# [Instructions to follow]
Restate verbatim the span of lines below between the line with "This is a must" and the line with "Божественную литургию Преждеосвященных", including those two lines, and only that span.

# [Data supplied]
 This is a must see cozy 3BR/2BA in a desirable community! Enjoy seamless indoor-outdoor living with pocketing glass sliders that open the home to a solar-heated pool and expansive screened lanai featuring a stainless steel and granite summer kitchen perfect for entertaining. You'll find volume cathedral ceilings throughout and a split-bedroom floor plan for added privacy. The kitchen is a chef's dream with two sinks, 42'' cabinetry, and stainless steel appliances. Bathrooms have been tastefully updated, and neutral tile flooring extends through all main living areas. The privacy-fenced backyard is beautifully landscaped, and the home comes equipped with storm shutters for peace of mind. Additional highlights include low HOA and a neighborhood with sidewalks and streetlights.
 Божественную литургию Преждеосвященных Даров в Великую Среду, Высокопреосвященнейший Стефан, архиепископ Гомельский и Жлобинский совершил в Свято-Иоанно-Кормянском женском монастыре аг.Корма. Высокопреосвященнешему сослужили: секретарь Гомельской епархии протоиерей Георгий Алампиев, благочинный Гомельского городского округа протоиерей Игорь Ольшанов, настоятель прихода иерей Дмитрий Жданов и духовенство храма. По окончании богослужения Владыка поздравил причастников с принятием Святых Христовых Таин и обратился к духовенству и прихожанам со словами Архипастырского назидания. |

---

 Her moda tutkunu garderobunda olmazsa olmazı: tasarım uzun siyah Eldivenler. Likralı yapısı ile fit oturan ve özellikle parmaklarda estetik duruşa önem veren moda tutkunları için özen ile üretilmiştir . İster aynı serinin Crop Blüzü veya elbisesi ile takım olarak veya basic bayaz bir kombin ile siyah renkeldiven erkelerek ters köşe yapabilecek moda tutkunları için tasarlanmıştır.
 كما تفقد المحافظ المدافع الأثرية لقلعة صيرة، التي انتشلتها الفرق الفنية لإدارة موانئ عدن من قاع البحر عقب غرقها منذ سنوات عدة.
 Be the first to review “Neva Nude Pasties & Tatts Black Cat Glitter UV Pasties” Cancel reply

==

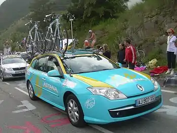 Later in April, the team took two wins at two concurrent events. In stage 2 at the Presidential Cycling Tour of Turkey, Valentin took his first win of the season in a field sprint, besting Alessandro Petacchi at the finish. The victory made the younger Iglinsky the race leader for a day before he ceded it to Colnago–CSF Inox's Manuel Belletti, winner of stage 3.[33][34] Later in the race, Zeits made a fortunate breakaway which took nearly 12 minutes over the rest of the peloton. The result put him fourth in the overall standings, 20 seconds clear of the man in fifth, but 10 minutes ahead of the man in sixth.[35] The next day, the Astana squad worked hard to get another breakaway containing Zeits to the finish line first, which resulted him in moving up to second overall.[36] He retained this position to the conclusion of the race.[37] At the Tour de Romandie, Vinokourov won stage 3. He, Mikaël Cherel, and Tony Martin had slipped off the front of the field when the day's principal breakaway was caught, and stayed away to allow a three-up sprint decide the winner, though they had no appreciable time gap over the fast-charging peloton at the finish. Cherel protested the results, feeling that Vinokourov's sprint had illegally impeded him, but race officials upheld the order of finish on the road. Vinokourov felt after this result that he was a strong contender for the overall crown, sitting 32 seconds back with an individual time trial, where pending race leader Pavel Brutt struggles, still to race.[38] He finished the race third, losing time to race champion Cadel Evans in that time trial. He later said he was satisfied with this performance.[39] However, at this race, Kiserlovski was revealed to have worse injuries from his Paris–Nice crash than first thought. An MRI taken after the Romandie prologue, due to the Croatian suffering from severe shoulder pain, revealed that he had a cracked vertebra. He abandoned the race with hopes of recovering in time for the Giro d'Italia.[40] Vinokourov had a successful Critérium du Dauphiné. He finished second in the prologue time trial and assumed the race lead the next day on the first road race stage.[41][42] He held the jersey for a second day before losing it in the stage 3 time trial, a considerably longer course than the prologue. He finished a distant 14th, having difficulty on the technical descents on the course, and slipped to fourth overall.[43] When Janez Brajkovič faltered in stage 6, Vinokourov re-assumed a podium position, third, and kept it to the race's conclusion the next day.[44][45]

# [Solution]
 This is a must see cozy 3BR/2BA in a desirable community! Enjoy seamless indoor-outdoor living with pocketing glass sliders that open the home to a solar-heated pool and expansive screened lanai featuring a stainless steel and granite summer kitchen perfect for entertaining. You'll find volume cathedral ceilings throughout and a split-bedroom floor plan for added privacy. The kitchen is a chef's dream with two sinks, 42'' cabinetry, and stainless steel appliances. Bathrooms have been tastefully updated, and neutral tile flooring extends through all main living areas. The privacy-fenced backyard is beautifully landscaped, and the home comes equipped with storm shutters for peace of mind. Additional highlights include low HOA and a neighborhood with sidewalks and streetlights.
 Божественную литургию Преждеосвященных Даров в Великую Среду, Высокопреосвященнейший Стефан, архиепископ Гомельский и Жлобинский совершил в Свято-Иоанно-Кормянском женском монастыре аг.Корма. Высокопреосвященнешему сослужили: секретарь Гомельской епархии протоиерей Георгий Алампиев, благочинный Гомельского городского округа протоиерей Игорь Ольшанов, настоятель прихода иерей Дмитрий Жданов и духовенство храма. По окончании богослужения Владыка поздравил причастников с принятием Святых Христовых Таин и обратился к духовенству и прихожанам со словами Архипастырского назидания. |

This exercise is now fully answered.